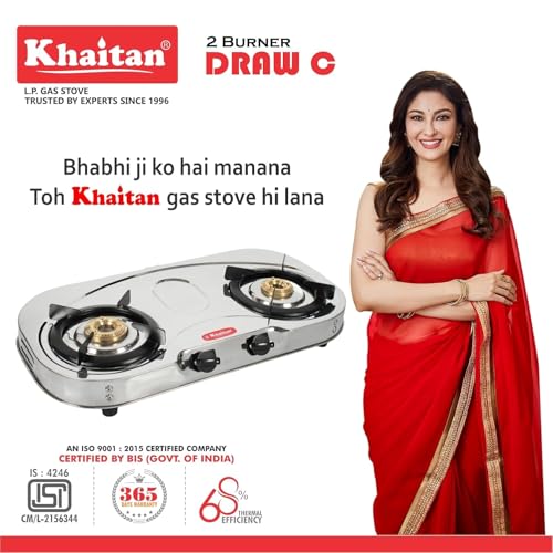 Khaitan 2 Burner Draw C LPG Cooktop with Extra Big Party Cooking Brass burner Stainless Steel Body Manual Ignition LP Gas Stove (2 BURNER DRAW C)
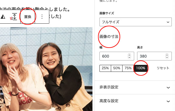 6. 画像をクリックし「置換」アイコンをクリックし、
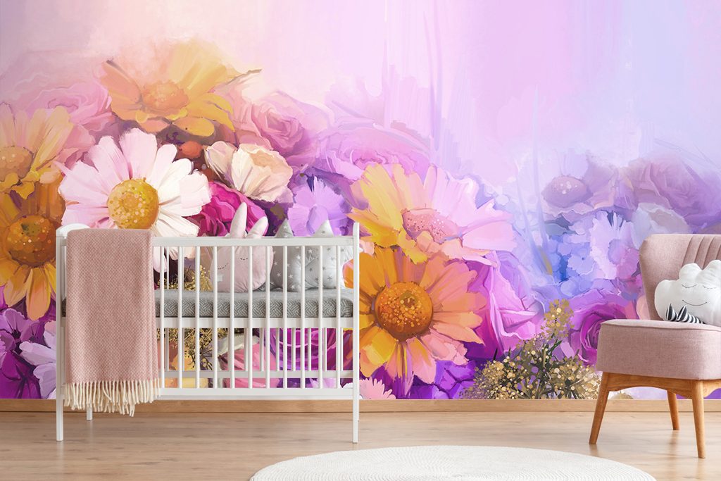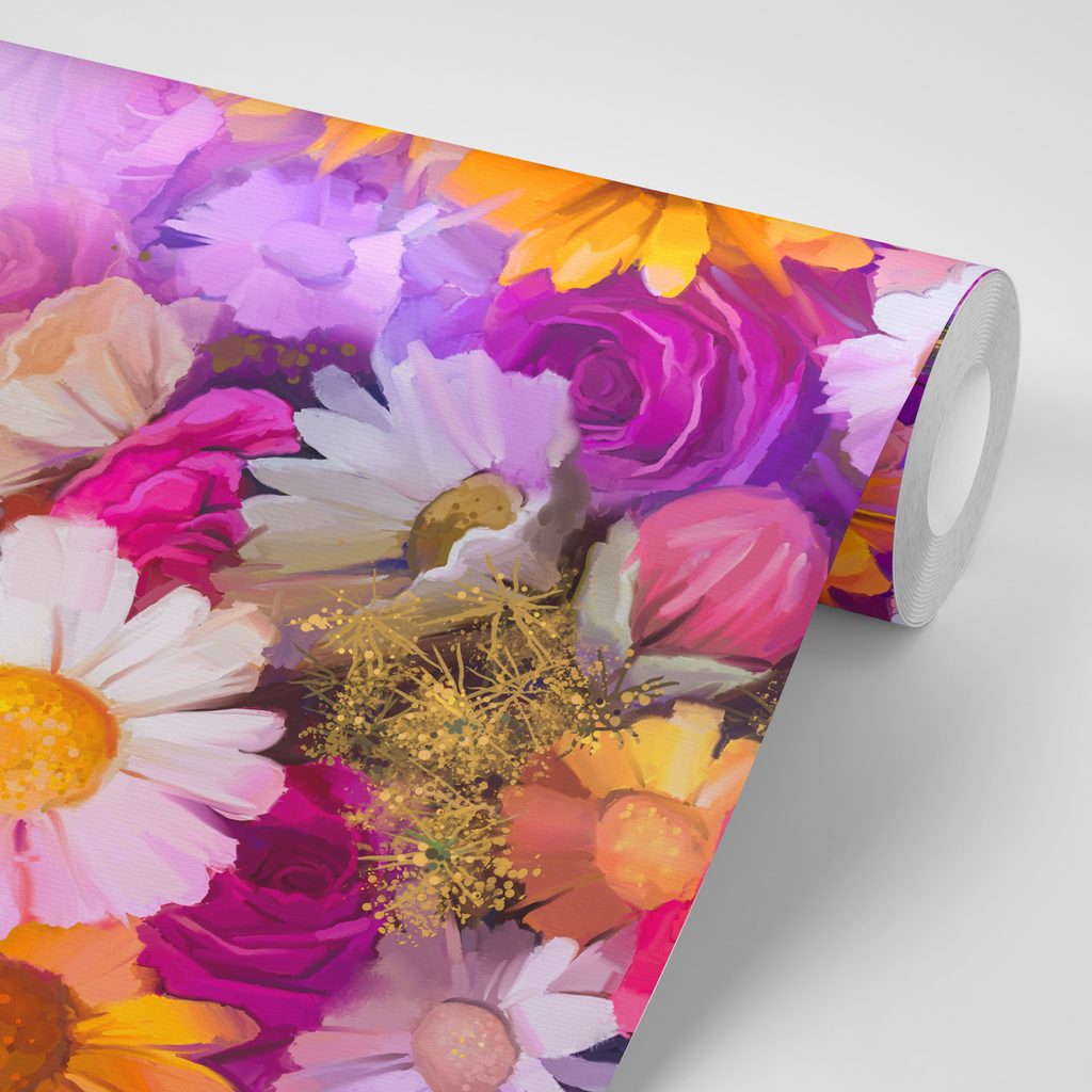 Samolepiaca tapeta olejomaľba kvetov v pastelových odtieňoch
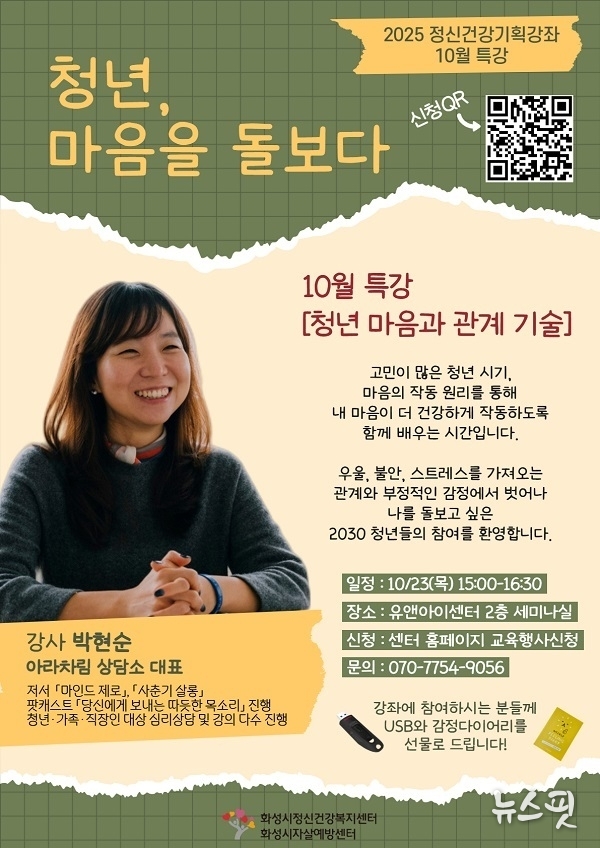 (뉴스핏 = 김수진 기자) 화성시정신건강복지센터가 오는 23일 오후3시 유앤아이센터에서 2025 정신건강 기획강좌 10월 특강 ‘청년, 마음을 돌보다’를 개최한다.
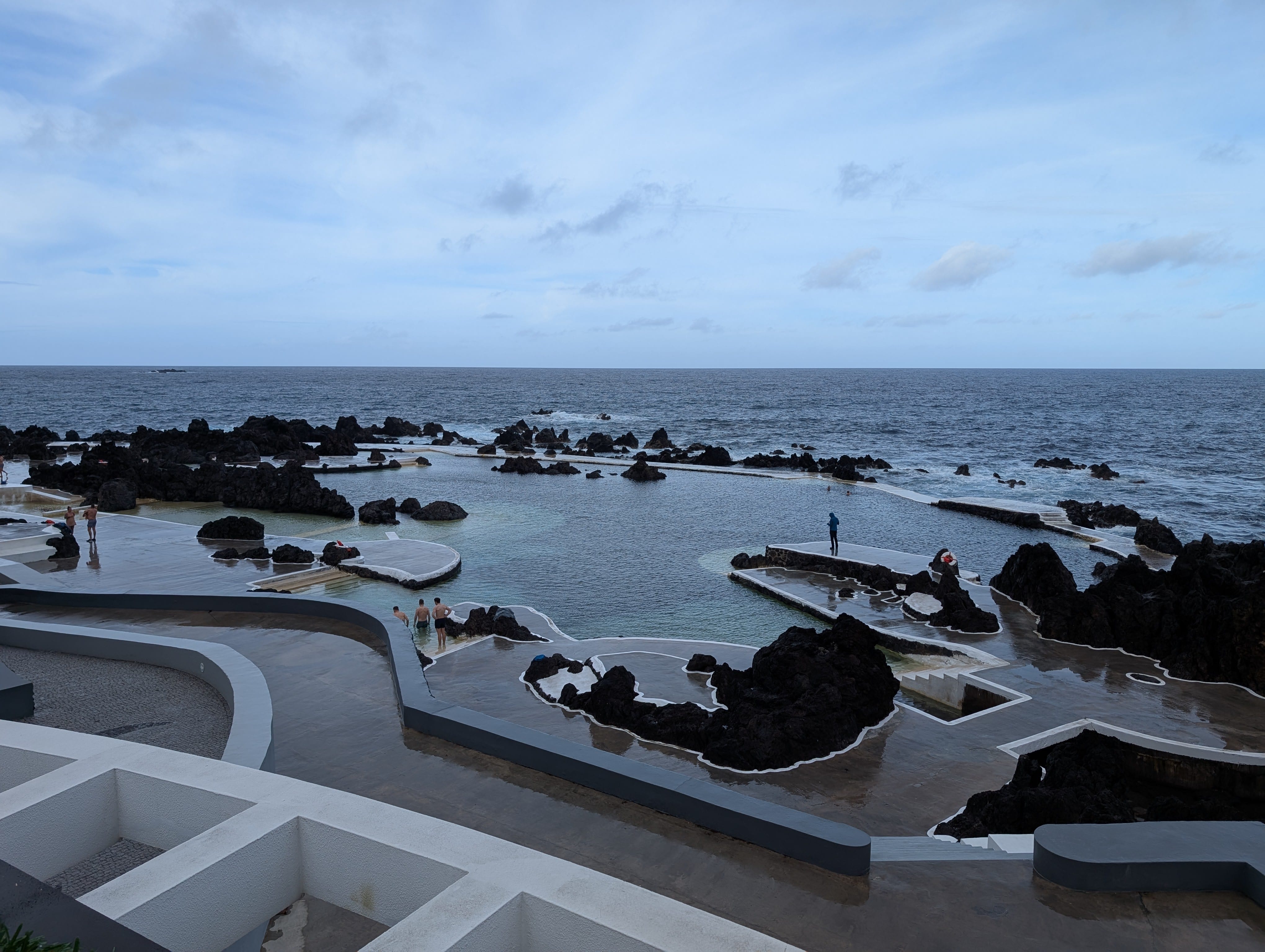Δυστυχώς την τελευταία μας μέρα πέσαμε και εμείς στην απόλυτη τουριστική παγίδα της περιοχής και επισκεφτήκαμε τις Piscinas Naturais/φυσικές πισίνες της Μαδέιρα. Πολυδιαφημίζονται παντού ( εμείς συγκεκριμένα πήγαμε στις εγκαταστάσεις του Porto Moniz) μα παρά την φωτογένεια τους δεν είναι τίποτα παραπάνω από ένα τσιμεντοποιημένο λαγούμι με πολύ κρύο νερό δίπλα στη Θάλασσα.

*What is expected:*
Return exactly the lines from the one containing "Samolepiaca tapeta olejomaľba" through the end of the records, leaving out every picture.

*Response to the task:*
 Samolepiaca tapeta olejomaľba kvetov v pastelových odtieňoch
 (뉴스핏 = 김수진 기자) 화성시정신건강복지센터가 오는 23일 오후3시 유앤아이센터에서 2025 정신건강 기획강좌 10월 특강 ‘청년, 마음을 돌보다’를 개최한다.
Δυστυχώς την τελευταία μας μέρα πέσαμε και εμείς στην απόλυτη τουριστική παγίδα της περιοχής και επισκεφτήκαμε τις Piscinas Naturais/φυσικές πισίνες της Μαδέιρα. Πολυδιαφημίζονται παντού ( εμείς συγκεκριμένα πήγαμε στις εγκαταστάσεις του Porto Moniz) μα παρά την φωτογένεια τους δεν είναι τίποτα παραπάνω από ένα τσιμεντοποιημένο λαγούμι με πολύ κρύο νερό δίπλα στη Θάλασσα.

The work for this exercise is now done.